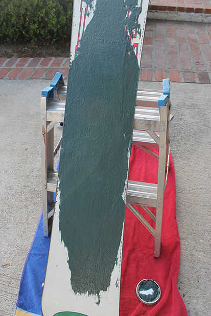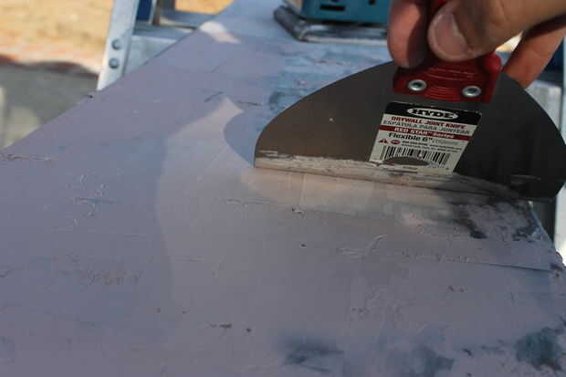 Está bien, así que mezclar el Bondo de pelo corto y repartidos en el área empotrada de la placa. Tomé entonces un trozo de madera que era más ancha que la Junta y utilizado como una herramienta para nivelar el relleno. Asegurado que el relleno quede a la altura correcta de los bordes de metal. Continúe haciendo esto hasta cubre todo el tablero en la parte inferior. Asegúrese de que el relleno de la mezcla cuidadosamente y con suficiente endurecedor, si no lo hace quedará pegajosa. Lo tuve a suceder en una sección y acabó cortando hacia fuera y poner nuevo relleno en.
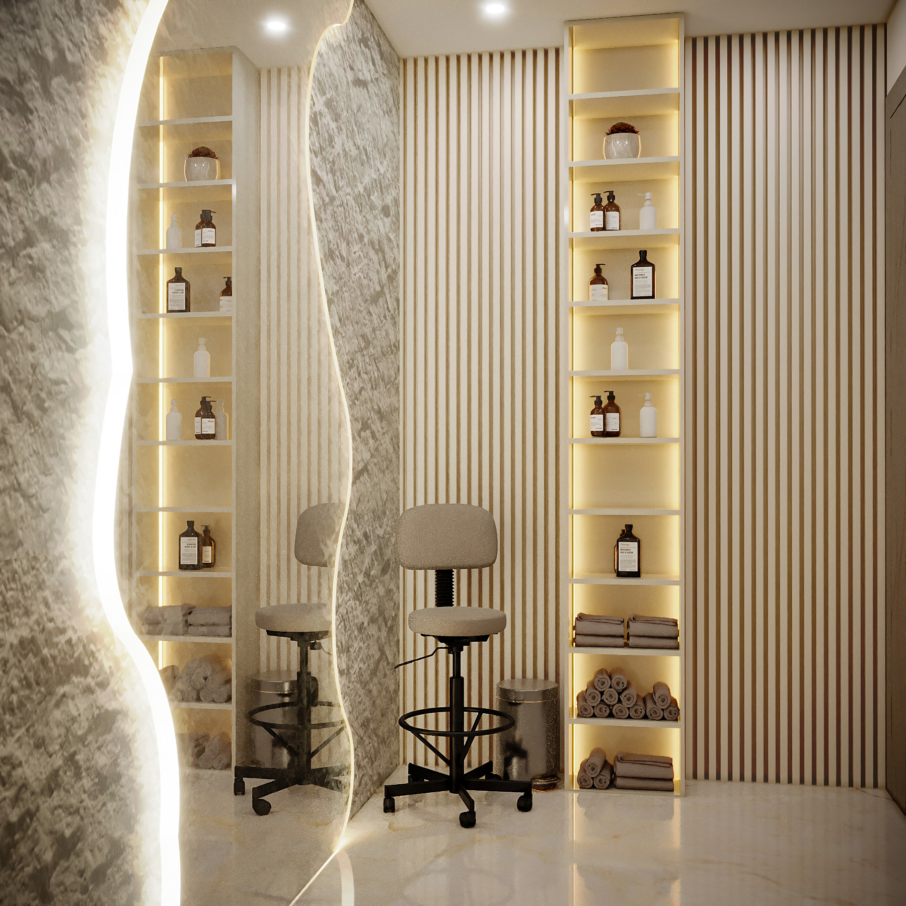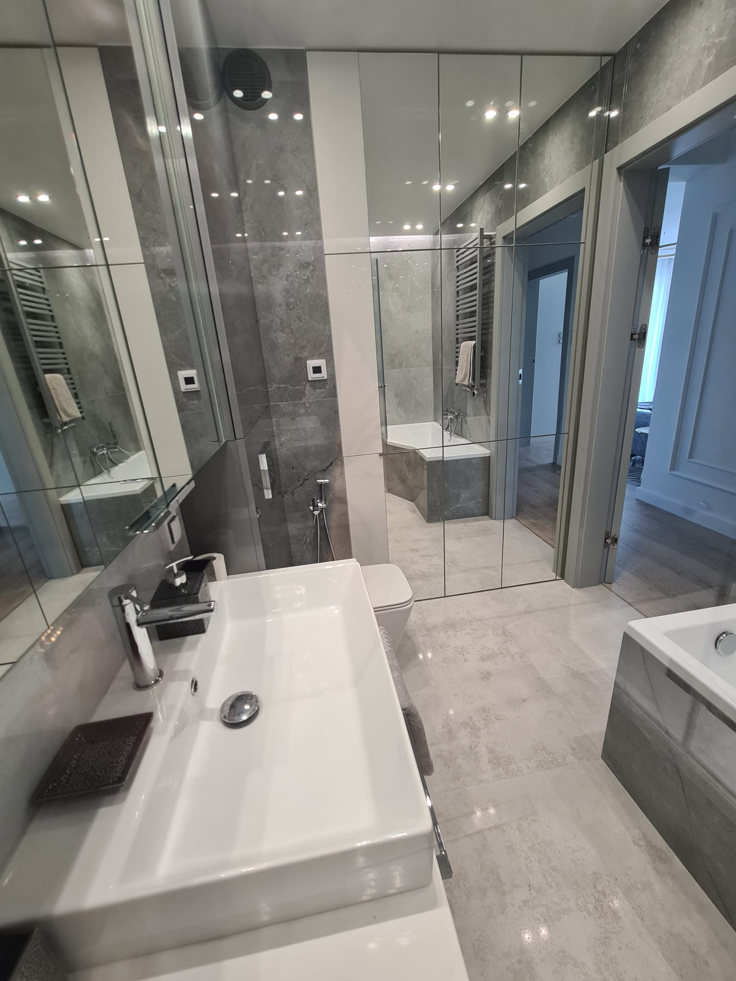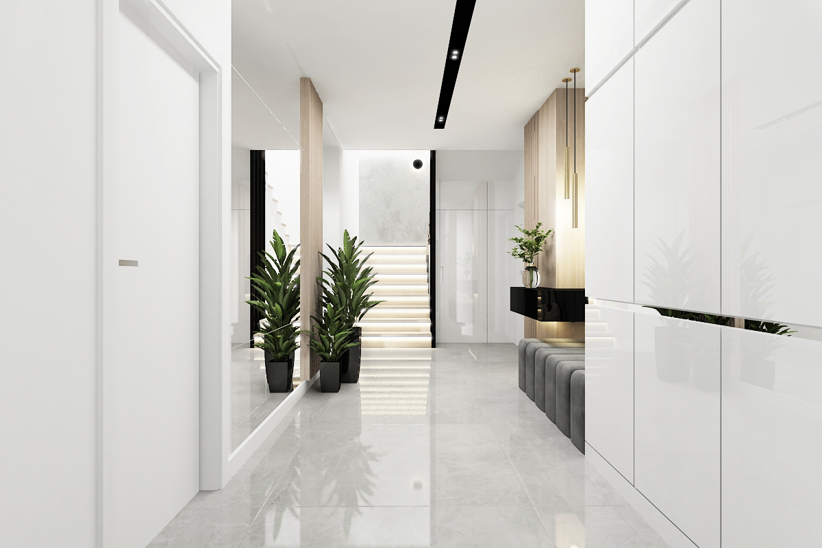 Reflective surfaces, like the full-height mirror and polished floors, are used strategically to amplify light and space in the minimalist corridor.
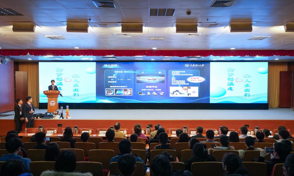 随后,我校聋人工学院和西安美术学院的“Slow Life-居家生活应用一体机”“传承与创新:津派非遗在时尚领域的年轻展现与推广”“聆听心声-基于数字沙盘的听障生投射疗愈解决方案”“非遗之‘皮’,‘雕’当代之势”四个项目进行了现场路演,争夺大赛特等奖。经过展示和评审,我校聋人工学院学生团队的“Slow Life——居家生活应用一体机”项目脱颖而出并获得大赛特等奖。与会嘉宾为获奖团队颁发了奖杯,为大赛优秀组织奖及优秀指导奖颁发了荣誉证书。
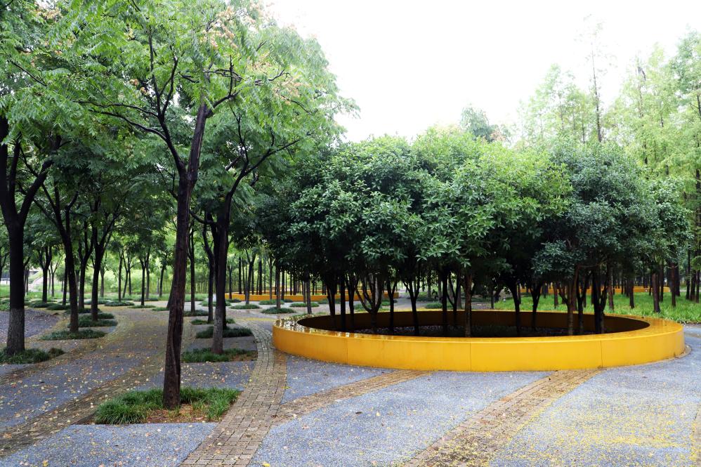 作为浙江省风貌办推介的“迎亚运”城乡风貌典型案例之一,燕尾洲公园将河岸改造为多级可淹没的梯田种植带,打造城市中的自然田园风光,使滨江水岸成为兼具生态保育、游人休憩和防洪功能的美丽景观,园内活动场所采用大面积透水铺装,泡状雨水收集池散布在林间,助力海绵城市建设。

════════

Aim of the exercise. Would you return the material above exactly, apart from its pictures?

Task output.
 Está bien, así que mezclar el Bondo de pelo corto y repartidos en el área empotrada de la placa. Tomé entonces un trozo de madera que era más ancha que la Junta y utilizado como una herramienta para nivelar el relleno. Asegurado que el relleno quede a la altura correcta de los bordes de metal. Continúe haciendo esto hasta cubre todo el tablero en la parte inferior. Asegúrese de que el relleno de la mezcla cuidadosamente y con suficiente endurecedor, si no lo hace quedará pegajosa. Lo tuve a suceder en una sección y acabó cortando hacia fuera y poner nuevo relleno en.
 Reflective surfaces, like the full-height mirror and polished floors, are used strategically to amplify light and space in the minimalist corridor.
 随后,我校聋人工学院和西安美术学院的“Slow Life-居家生活应用一体机”“传承与创新:津派非遗在时尚领域的年轻展现与推广”“聆听心声-基于数字沙盘的听障生投射疗愈解决方案”“非遗之‘皮’,‘雕’当代之势”四个项目进行了现场路演,争夺大赛特等奖。经过展示和评审,我校聋人工学院学生团队的“Slow Life——居家生活应用一体机”项目脱颖而出并获得大赛特等奖。与会嘉宾为获奖团队颁发了奖杯,为大赛优秀组织奖及优秀指导奖颁发了荣誉证书。
 作为浙江省风貌办推介的“迎亚运”城乡风貌典型案例之一,燕尾洲公园将河岸改造为多级可淹没的梯田种植带,打造城市中的自然田园风光,使滨江水岸成为兼具生态保育、游人休憩和防洪功能的美丽景观,园内活动场所采用大面积透水铺装,泡状雨水收集池散布在林间,助力海绵城市建设。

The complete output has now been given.